Ann Arbor dark country band the Whiskey Charmers made a big splash with their 2015 debut album. Their new one, The Valley – streaming at Bandcamp – takes their Lynchian twang and shuffle and raises the energy: this is much more of a blue-flame electric rock record. They’re making a rare New York appearance tonight, August 18 at 8 PM at the Way Station, making the trek out to the fringes of Bed-Stuy worth your while.

Lawrence Daversa’s bone-bleached slide guitar builds lingering menace throughout the album’s opening track, Desert, frontwoman/guitarist Carrie Shepard voicing an understatedly lurid scenario that probably doesn’t end well: it’s up to the listener to solve this mystery.

Brian Ferriby’s boomy drumbeat and Daniel “Ozzie” Andrews’ tersely slinky bass propel the defiant, honkytonk-flavored title track, about banishing an evil spirit who could be either dead or very much alive. The simply titled Melody is a straight-up, morose oldschool C&W shuffle: Shepard turns the art of crafting a tune into a metaphor for a relationship that probably won’t go anywhere.

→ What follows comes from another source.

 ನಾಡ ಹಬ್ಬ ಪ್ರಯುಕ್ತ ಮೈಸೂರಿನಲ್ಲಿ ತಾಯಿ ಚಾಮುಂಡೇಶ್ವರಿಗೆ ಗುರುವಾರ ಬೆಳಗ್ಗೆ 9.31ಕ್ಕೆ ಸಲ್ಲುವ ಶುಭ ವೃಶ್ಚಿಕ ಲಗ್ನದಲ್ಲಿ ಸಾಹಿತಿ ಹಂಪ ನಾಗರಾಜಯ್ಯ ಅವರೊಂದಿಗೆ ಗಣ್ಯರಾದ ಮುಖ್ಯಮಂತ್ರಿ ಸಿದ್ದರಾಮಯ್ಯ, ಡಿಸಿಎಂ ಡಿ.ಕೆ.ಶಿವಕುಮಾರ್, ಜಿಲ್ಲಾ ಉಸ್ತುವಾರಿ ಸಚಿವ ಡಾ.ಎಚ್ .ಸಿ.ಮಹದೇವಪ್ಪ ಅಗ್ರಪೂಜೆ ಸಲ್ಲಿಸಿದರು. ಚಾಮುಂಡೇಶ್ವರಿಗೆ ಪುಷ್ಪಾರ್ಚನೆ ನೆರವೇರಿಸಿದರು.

The band returns to loping desert rock in Meet Me There, Shepard’s understatedly simmering vocals channeling hurt and abandonment: “Don’t you care that I was falling down the stairs?” she wants to know. Then Daversa detours into snarling Nashville noir in Dirty Little Blues: that creepy little ch-cha of a bridge is killer.

The band slow things down with the low-key Americana rock burner Fireproof and then bring back the luridly longing ambience in Full Moon, lit up by Daversa’s slashing, vintage electric Neil Young riffage. And his sinuous, resonant country lines in the bittersweet Songbird might be the the album’s most gorgeous moments, anchored by David Roof’s vividly murky organ.

“Been looking for you lately on my lawn…been looking for you in the back of my car,” Shepard muses in the swaying, melancholy Red Wine. The album’s most epic track is Coal, a majestically gloomy, metaphorically bristling anthem that could be the Dream Syndicate at their countriest, capped off by a searing, careening Daversa solo. The album winds up with Warnings, an Americana-pop song in Halloween disguise. You have been warned: this band is going places. Catch them now before it costs you big bucks at a venue like Bowery Ballroom.